The JAK inhibitor ruxolitinib may improve overall survival in patients with metastatic pancreatic cancer characterized by an elevated CRP, a well-established marker of inflammation.
The JAK inhibitor ruxolitinib may improve overall survival in patients with metastatic pancreatic cancer characterized by an elevated C-reactive protein (CRP), a well-established marker of inflammation.
Data from a phase II study of ruxolitinib or placebo with capecitabine, also known as the RECAP study (abstract 4000), were presented by Herbert Hurwitz, MD, of the Duke University Medical Center in Durham, North Carolina, at the 2014 American Society of Clinical Oncology (ASCO) Annual Meeting, held May 30–June 3 in Chicago.
“These data support the role of inflammation in cancer and the JAK-STAT pathway as a novel and clinically important therapeutic target in metastatic pancreatic cancer,” Hurwitz said.
The majority of patients with pancreatic cancer have evidence of systemic inflammation manifested by elevated levels of multiple cytokines. Ruxolitinib is a JAK1/2 inhibitor that blocks signaling mediated by multiple inflammatory cytokines. Elevated levels of cytokines are often a marker of systemic inflammation present in a majority of patients with pancreatic cancer.
“Previous reports in preclinical models of pancreatic cancer have shown that ruxolitinib demonstrated antitumor activity in combination with capecitabine in xenograft models of pancreatic cancer,” Hurwitz said.
In this study, patients with histologically confirmed metastatic pancreatic cancer were randomly assigned to ruxolitinib/capecitabine (n = 64) or placebo/capecitabine (n = 63). The patients had a median age of about 67 years.
Results of the primary endpoint analysis showed that patients assigned to ruxolitinib/capecitabine had a median overall survival of 136.5 days compared with 129.5 days for patients assigned placebo/capecitabine (hazard ratio [HR] = 0.79; 95% confidence interval [CI], 0.53–1.18; P = .25).
Subgroup analyses looking at systemic inflammation markers showed that CRP had a high level of predictive importance in this patient population. Patients with a CRP greater than 13 mg/L who were assigned to ruxolitinib/capecitabine had a median overall survival of 83 days compared with 55 days for the placebo group (HR = 0.47; 95% CI, 0.26–0.85; P = .01).
The researchers also performed a preplanned analysis to see if baseline characteristics of patients with a high CRP affected the overall survival results. After adjusting for age, lactate dehydrogenase, albumin, liver and lung metastases, performance status, sex, and prior treatments, the HR remained 0.50 (95% CI, 0.26–0.96).

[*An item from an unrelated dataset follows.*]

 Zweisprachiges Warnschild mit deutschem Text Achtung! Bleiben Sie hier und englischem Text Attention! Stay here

Next, the researchers conducted an analysis of overall survival using the modified Glasgow Prognostic Score (mGPS), a clinical measure of inflammation in cancer that has been shown to have independent prognostic value. Patients with a CRP of 10 mg/L or less have an mGPS score of 0; a CRP of 10 mg/L or more and albumin of 35 g/L or more, an mGPS of 1; and CRP of 10 mg/L or more and albumin of less than 35 g/L, an mGPS of 2.

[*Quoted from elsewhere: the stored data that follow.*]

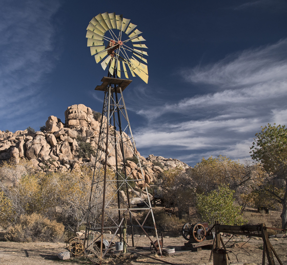 Windmill on Keys Ranch at Joshua Tree National Park. Harnessing the Wind.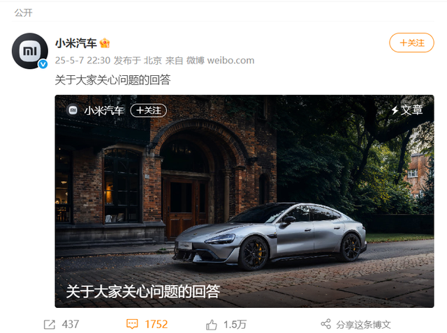 5月7日深夜,小米汽车就此问题在《关于大家关心问题的回答》中发文回应:确实存在不妥,已暂停了这次推送,我们深表歉意。“小米汽车”相关话题冲上热搜第一。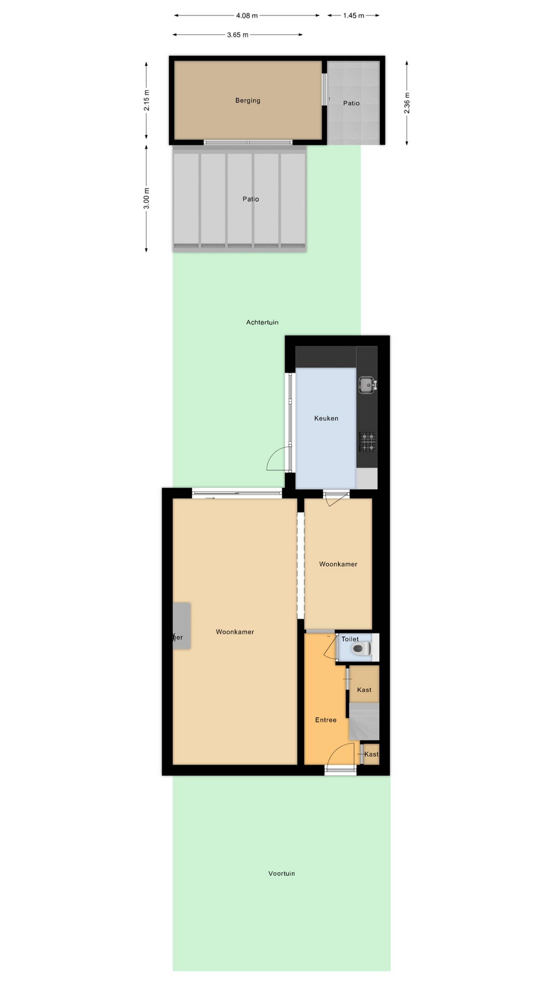Berging: achterin de tuin is een grote stenen berging over nagenoeg de gehele breedte van het perceel, voorzien van elektriciteit. Een uitstekende plek voor het opbergen van fietsen, tuinmeubilair en gereedschap, of om te klussen. Via de handige overkapping naast de berging heeft u toegang tot het achterliggende steegje.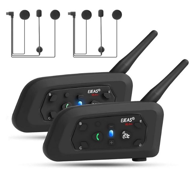 Detalles del productoPack de 2 intercomunicadores para casco de moto por bluetooth. Distancia de funcionamiento de hasta 800 metros. Bateria recargable de 850 mAh con autonomia de 18h en modo comunicacion, 25 horas en modo musica y 260 horas en modo espera. Permite conexion de hasta 6 intercomunicadores a la vez. Conectividad con telefonos, GPS y otros dispositivos con bluetooth. Modelo impermeable con proteccion IP67. Tecnología avanzada de reducción de ruido CVC para eliminar el eco y el ruido ambiental. Incluye 2 intercomunicadores, accesorios y manual. Realizamos envios por Wallapop y envios contrareembolso. Producto nuevo con 2 años de garantia.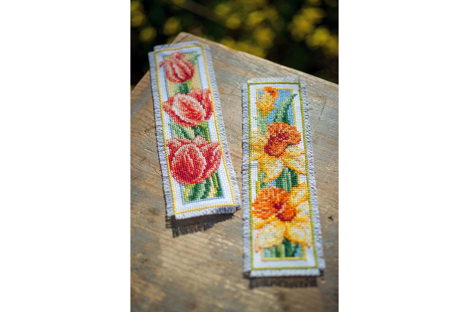 Description: Set of 2 counted cross stitch bookmarks. Kit includes:

Patients with an mGPS of 1 or 2 who were assigned ruxolitinib, indicating a CRP of more than 10 mg/L, had a significantly improved overall survival compared with patients assigned to placebo (HR = 0.60; 95% CI, 0.35–1.03). In comparing the patients with an mGPS of 1 or 2 distinguishing by albumin levels, patients with an mGPS of 2 assigned ruxolitinib had a significantly improved overall survival compared with placebo (HR = 0.49; 95% CI, 0.23–1.07), but no significant advantage was seen in patients with an mGPS of 1.
No significant difference was found between the groups for progression-free survival, even when patients with elevated CRP were examined. Overall, ruxolitinib was well tolerated.
“Phase III programs in pancreatic cancer have been initiated, and exploratory phase II studies have been initiated in other diseases showing signs of onco-inflammation,” Hurwitz said.